A Data Aggregation Visualization System supported by Processing-in-Memory
Junyoung Kim, Madhulika Balakumar, Kenneth Ross
TL;DR
DIVAN tackles scalable visualization of large datasets by performing many aggregation-driven heatmaps through a frequency-based binning approach that focuses on high-density regions. The system is implemented for both general CPUs and Processing-in-Memory (PIM) architectures, with a novel workload distribution across DPUs to compute all ${\binom{N}{3}}$ 3D aggregates efficiently. Key contributions include the frequency-based binning workflow, approximate binning via histograms to speed preprocessing, end-to-end execution on CPU and PIM, and an image-based visualization recommendation that prioritizes informative views. Experimental results on taxi and flight data demonstrate substantial end-to-end speedups with PIM (45%-64% for 16+ dimensions) and illustrate how DIVAN reveals both expected and surprising patterns in real-world data.
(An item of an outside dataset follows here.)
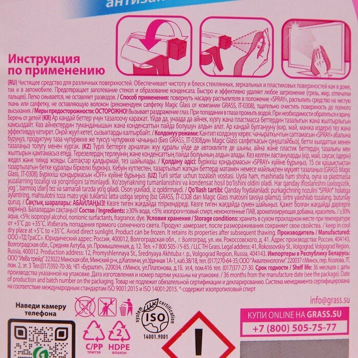 | Отзыв: | Обычный спрей для мытья стёкол, брала потому что люблю продукцию Grass, но данный товар не удивил. Плюс любопытно было действительно ли он справляемая с запотеванием зеркал? Нет, не справляется. |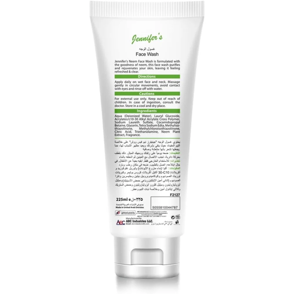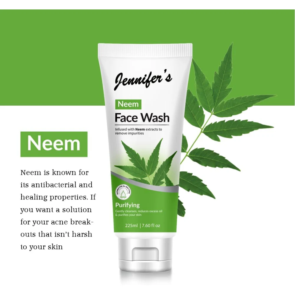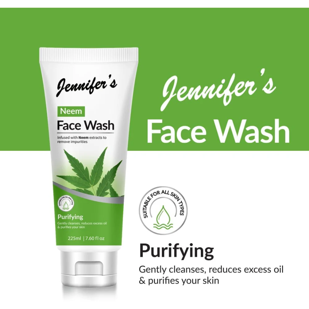 JENNIFERS NEEM FACE WASH PURIFYING GENTLY CLEANSES, REDUCES EXCESS OIL & PURIFIES YOUR SKIN 225 ML Jennifer's Neem Face Wash is formulated to provide a deep yet gentle cleanse, making it suitable for various skin types, especially oily and acne-prone skin. Here are some key features and benefits: Key Ingredients: Neem Extract: Known for its antibacterial and anti-inflammatory properties, neem helps fight acne and reduce redness. Natural Cleansers: Often contains herbal ingredients that help remove dirt and impurities without stripping the skin's natural moisture. Benefits: Deep Cleansing: Effectively removes makeup, excess oil, and impurities from the skin. Oil Control: Helps manage excess sebum production, making it ideal for oily skin types. Purifying Effect: Aids in preventing breakouts and promoting a clearer complexion. Gentle on Skin: Suitable for daily use, it cleanses without causing irritation or dryness. Usage: Wet your face with water.

The work enables near-interactive exploration of tens of millions of rows across dozens of dimensions, with practical implications for data analysis and decision-making.
Abstract
Data visualization of aggregation queries is one of the most common ways of doing data exploration and data science as it can help identify correlations and patterns in the data. We propose DIVAN, a system that automatically normalizes the one-dimensional axes by frequency to generate large numbers of two-dimensional visualizations. DIVAN normalizes the input data via binning to allocate more pixels to data values that appear more frequently in the dataset. DIVAN can utilize either CPUs or Processing-in-Memory (PIM) architectures to quickly calculate aggregates to support the visualizations. On real world datasets, we show that DIVAN generates visualizations that highlight patterns and correlations, some expected and some unexpected. By using PIM, we can calculate aggregates 45%-64% faster than modern CPUs on large datasets. For use cases with 100 million rows and 32 columns, our system is able to compute 4,960 aggregates (each of size 128x128x128) in about a minute.